The Place Where I Write: Elizabeth Bradfield

42° 2’5.18 “N
70° 4’53.91″W

In the morning, early, on the couch/chair, curled, with a strong cup of coffee while my girlfriend sleeps and the dog, fed, enters her deep second sleep. In the blue lab notebooks with green-tinted and numbered pages I’ve used since college. At a reading, messy scrawl in dim light, words drifting by. Sometimes, terrifyingly, not. Nothing. Nowhere. This year, for the first time since my twenties, in my bunk on a ship. Shamefully, in the car, big notepad on my lap (note to self: figure out a better system). Never on an airplane. Never startled up in the middle of the night. Rarely in cafes. Hardly ever when I’m on the job with binoculars, all focus turned outward.

In my head while running/walking/picking berries/painting trim/weeding. Echoing space where a phrase can rattle and be tongued like a pit. And this “place” feels, in many ways, the most critical. Whatever survives (my memory…) must be worth attending with pen.

This is to say that while I try and prepare a space for the poems to come (see example one, above), they don’t always arrive on schedule.

That’s the start of things. First scrawl. First glint.

The later work is more formal, done at the computer. Our house is small, and I built a desk into a corner of the attic where we sleep. Tucked along the stairs, just wide enough for a book and laptop, the steep angle of the roof means I’ll bump my head if I stand. I like the smallness. “Don’t worry,” it says, “no big deal. No one is watching. No epic expected. Just do your work.” I like it there, books behind, stairs open and falling to the left, window to the right. All the same, it’s got no door. No room other than the bathroom does. When people come to stay or when Lisa plays loud music or talks on the phone, the energy of the whole space shifts.

Out the window is a shed I built with my parents three summers ago during an incredibly hot August. Before it was begun, as I scavenged windows and figured lumber, even as I sweated on the roof and nailed shingles, I envisioned it as my writing studio. A place like those so many writers and artists I’ve read about have and that sound so wonderfully confident (I deserve a studio) and deliberate (I go there to create). In the coming-back-to-life lot that is our yard and that used to be a contractor’s storage space for backhoes and building supplies, it squats like a reproach.

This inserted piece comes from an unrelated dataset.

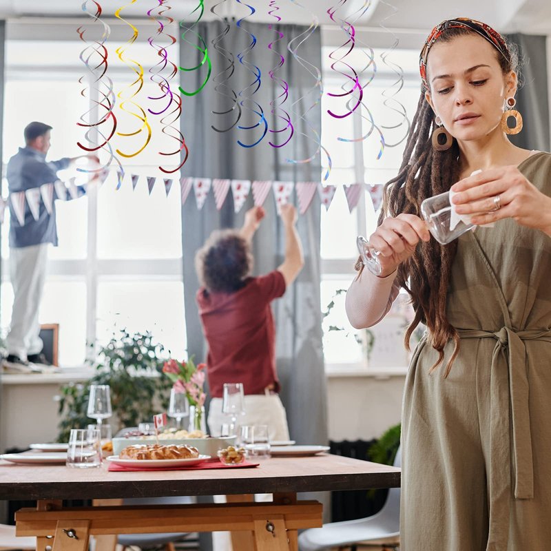 Hanging Swirl Decorations Plastic Streamers Foil Swirls for Ceiling Decorations Party Supplies, Pack of 30

When I’m in Refugia, as we’ve semi-jokingly named the shed/studio/guest cottage, all I see are things unfinished and things I screwed up: bulge in the wall, leaking door, ragged seam at the ceiling peak. I want to fix, not create. I make lists. Window trim then flooring then screen door. Shelves?

But even as I’ve written this short piece over the last couple of weeks, things have changed. I might have turned a corner. Refugia might be done enough for me to claim it, used enough to not feel precious.

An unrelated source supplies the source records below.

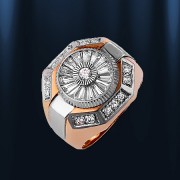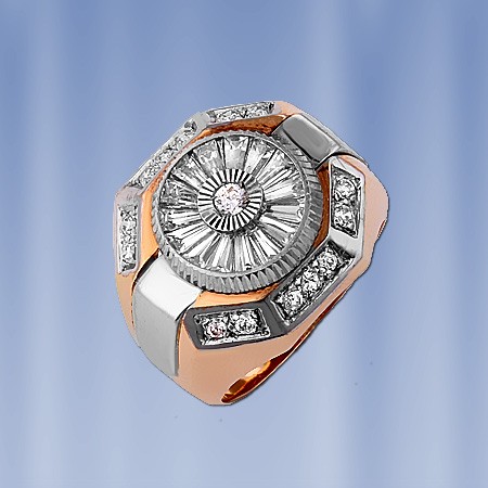 Мужское кольцо из русского золота 585°, двухцветное. Вставка: Циркон Ø 1 мм и Ø 3 мм.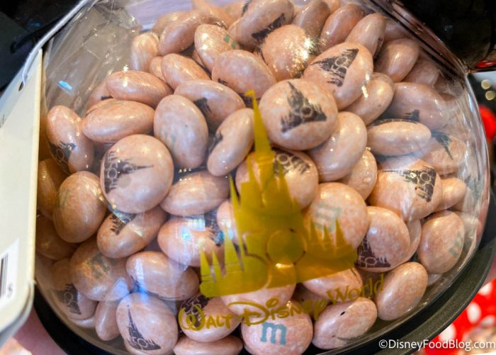 It’s such an unfortunate decision to go with that color. It seems like every other 50th Anniversary snack in Disney World was EARidescent with shades of blue, pink, and purple. That would have been perfect for M&M’s! But this time it had to be brains — er — champagne we mean.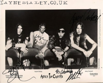 Note: Signatures from AiC from this era have rocketed. looks genuine, have seen many auto's like the one of Layne's here. Also see the comment "& Cantrell". With no proof of signing, results are hesitant as many fakes exist.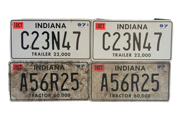 Indiana state license plates. 1 pair is distressed, 1 pair is clean. Set of 2 pairs (4). Used in various movies and TV shows. From the Debbie Reynolds/Todd Fisher studio archives.

I’m writing there now. Breeze huffs the curtains I hemmed and hung last Tuesday. The table Lisa and I grabbed from the side of the road is a good height, the chairs Liz didn’t want any more are comfortable, the hand-me-down rug from Jacky and Kathy is soft underfoot. Irene thought of us when she heard a famous local artist was getting rid of the French doors in his studio—one of them became the clerestory window through which I can see the tops of pitch pines. The couch was Tricia’s and the armchair came from Carla. Crocosmia from my mom’s garden in Seattle are just out the southeast window, as are transplanted maple saplings Raina brought and that I hope will shade this place in years to come.

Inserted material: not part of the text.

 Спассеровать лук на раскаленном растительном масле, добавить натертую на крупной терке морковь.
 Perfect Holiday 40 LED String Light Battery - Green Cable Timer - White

Dunya’s phrase, “creative space of conscience,” is penciled at the top of the unfinished window frame. It comforts and inspires me. Visiting friends have stayed out here. Lisa and I have napped here in the afternoon, a hundred feet removed from chores and routine. I’m in a space that others—friends, family, community—have helped me create. It feels like I have their blessing.

Here, at last, I drop into the deep absorption that, truly, is where the work is done.

Elizabeth Bradfield is the author of two poetry collections, Approaching Ice and Interpretive Work. Founder and editor-in-chief of Broadsided Press, she lives on Cape Cod and works as a naturalist and teacher. Her poem “Historic Numbers of Right Whales Skim Feeding off Cape Cod” was published in the March/April 2012 issue of Orion.

Comments

  1. “Whatever survives (my memory…) must be worth attending with pen.” Beautiful. Thank you.

  2. Fire red crocosmia are going off everywhere here in Seattle right now.

    We float by– wishing that words on paper could help change the course of this life’s suffering. They do not.

    I’m taking solace in pursuit of happiness I find in simple things: words, accretion, looking up to see a change in the weather, looking down to see our place in the midst of all the losses. Our final decision to cancel “The Sun” magazine. Couldn’t counter all the bleak stories in the Readers write or even more dramatic stories Sy picks vs. the Sunbeams.

    And that got me Wondering If We Will Ever See The Sun here in Seattle.

    The stories continue — and the important stuff never gets written down. But this refugia you mention grows into a life we can live anywhere if we are lucky.

    Keep writing.

    Timothy

  3. Oh complex and beautiful words, space, poet, project, life.